In addition, we explored the effect of KA intervention on CKD patients. Although numerous clinical trials on the effect of KA and LPD on CKD were conducted in past years, the results were controversial [37,38,39,40]. Some studies found that the potential benefits of KA and LPD were mainly focused on reducing waste products of protein metabolism, such as modification of creatine concentration. However, their influence on renal function protection or alleviating CKD progression required more careful and adequate attention [37, 41,42,43,44]. The uncertain effect of protein restriction on CKD protection might be related to the progressive and irreversible characteristic of CKD, especially CKD patients at stages 4 and 5. Most patients recruited in KA and LPD studies were with eGFR less than 30 mL/min, or in a pre-dialysis state [8, 45, 46]. Their worse physical conditions made KA and LPD intervention only an adjunctive therapy to main therapy such as glucocorticoids and immuno-biologicals. In the meantime, different pathological types showed inconsistent progression rates, for example CKD development in patients with membranous nephropathy exacerbated more rapidly than in patients with mesangial proliferative nephritis. Different degrees or types of pathological nephropathies could also influence the results of clinical study. Furthermore, as the study on KA and LPD was conducted over a long time period, often more than 6 months, the compliance of patients recruited was especially important.

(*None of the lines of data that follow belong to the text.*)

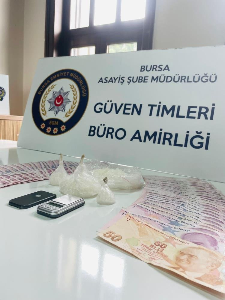 Bursa'da suça ve suçluya göz açtırmayan Güven Timleri, durumundan şüphelendiği şahsa yaptığı kaba üst aramasında 171,66 gram uyuşturucu, 15 bin 50 TL nakit para ile hassas terazi ele geçirdi. Gözaltına alınan şüpheli şahıs emniyetteki sorgusunda 'Kurban keseceğim, yetişir miyim?' demesi polisi bile şaşırttı.
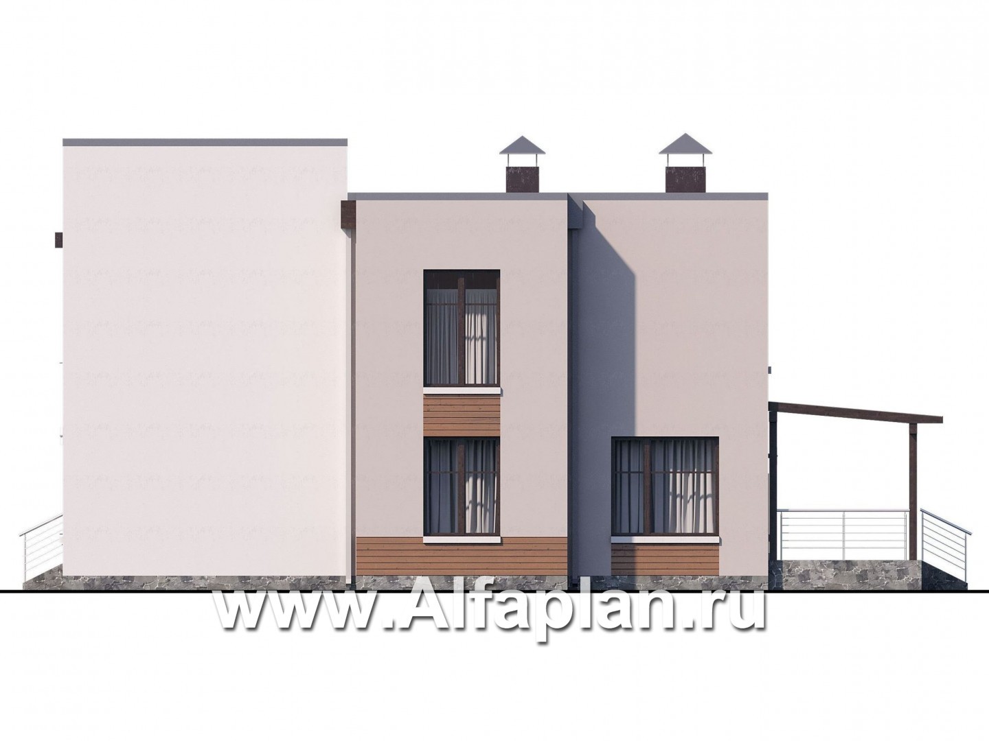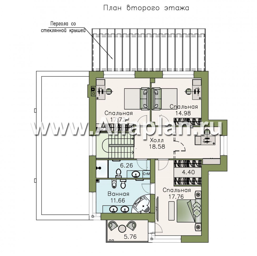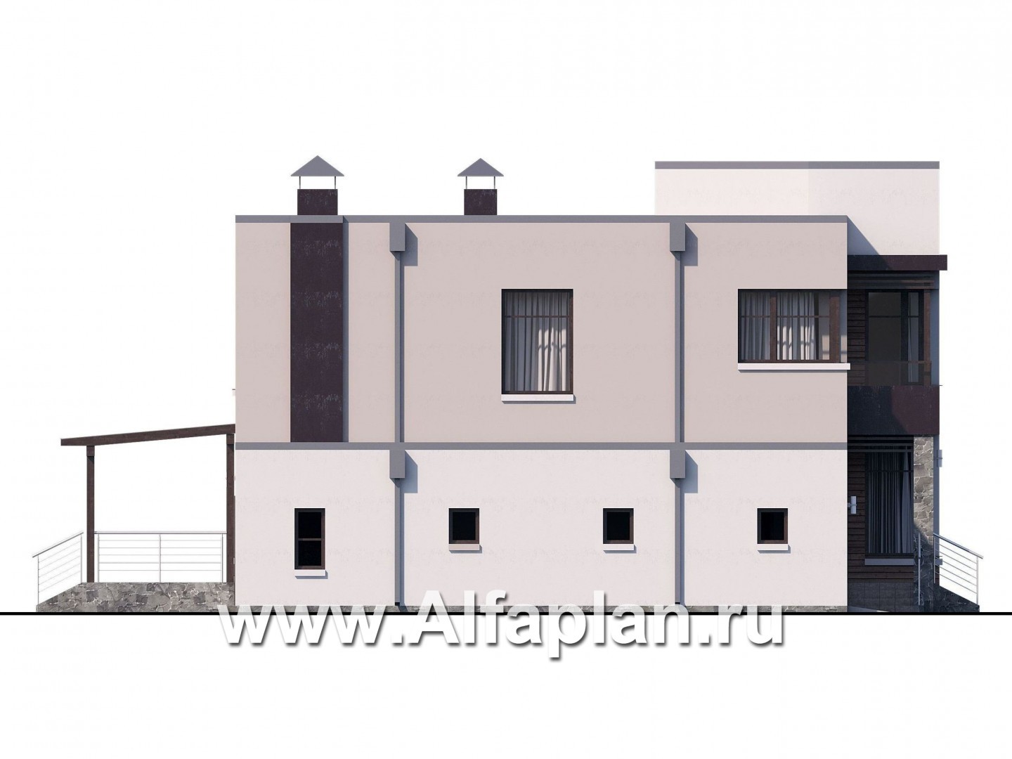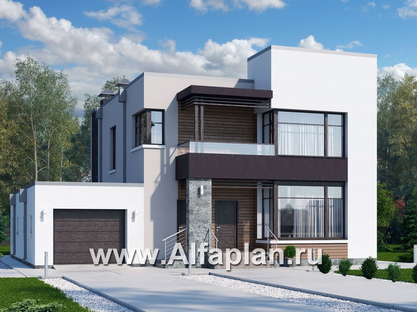 476B-S «Эвр» - проект двухэтажного дома с террасой и с гаражом на 1 авто, лестница в гостиной, с плоской кровлей, в стиле хай-тек
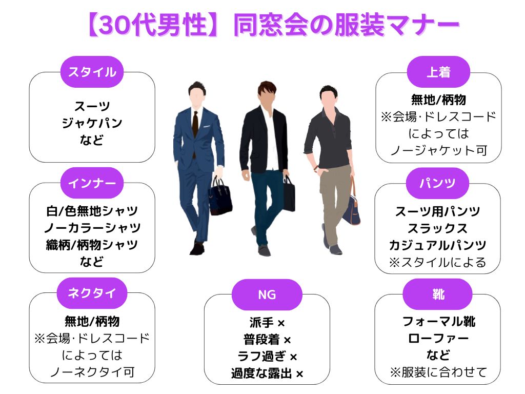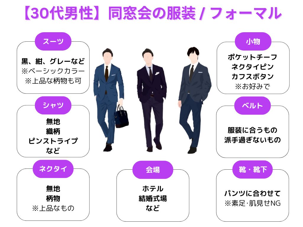 同窓会における30代男性の服装は、スーツスタイルやジャケパンスタイルなどを会場やドレスコード、季節に合わせて選びましょう。

An unstrict administration of LPD could influence the final result of the clinical study.

Our clinical research collected data from CKD patients from 2015 to 2018 in Tongji hospital, which partially represent the population in the area of central China along the Yangtse River. Among all the CKD patients enrolled, 119 were at CKD stages 1 and 2, only 9 patients were prescribed with KA, compared to 323 at stages 3 to 5, with 148 prescribed with KA. Thus, only CKD patients at stages 3 to 5 were taken into consideration. Our next step was to analyze the renal function between KA and No-KA group. There was a great difference in baseline renal function indexes between KA and No-KA groups in patients at CKD stage 3, patients on KA appeared to be in worse renal conditions. We speculated this may be due to the deep relationship between eGFR and the accumulation of metabolic protein waste. The lower the eGFR was, the less efficiently protein wastes were excreted from our body and the greater the accumulation of waste and toxicities, the more urgent the need for a protein intake intervention. Thus, patients at stages 3 to 5 were more often prescribed KA treatment to reduce renal load than patients at earlier stages. Using early research as reference, we defined a reduction of > 50% eGFR as an end-point event. The patients with dialysis or renal transplantation at the time of enrolment were excluded. According to Kaplan–Meier analysis, the cumulative probability to reach the end-point was lower in the KA group than the No-KA group among patients at stages 4 and 5. Otherwise, according to our data the age of patients at CKD stages 3 to 5 peaked at middle age, mainly between 34 and 60 years old (Table 2). It presented a probable protective effect of KA on CKD middle aged patients at stages 4 and 5, which meant KA was a protective factor in staving CKD progression. Our study implied that a supplement of KA could defer the progression of CKD in patients at stages 4 and 5, which was consistent to the animal experiment results and previous research [2, 47,48,49].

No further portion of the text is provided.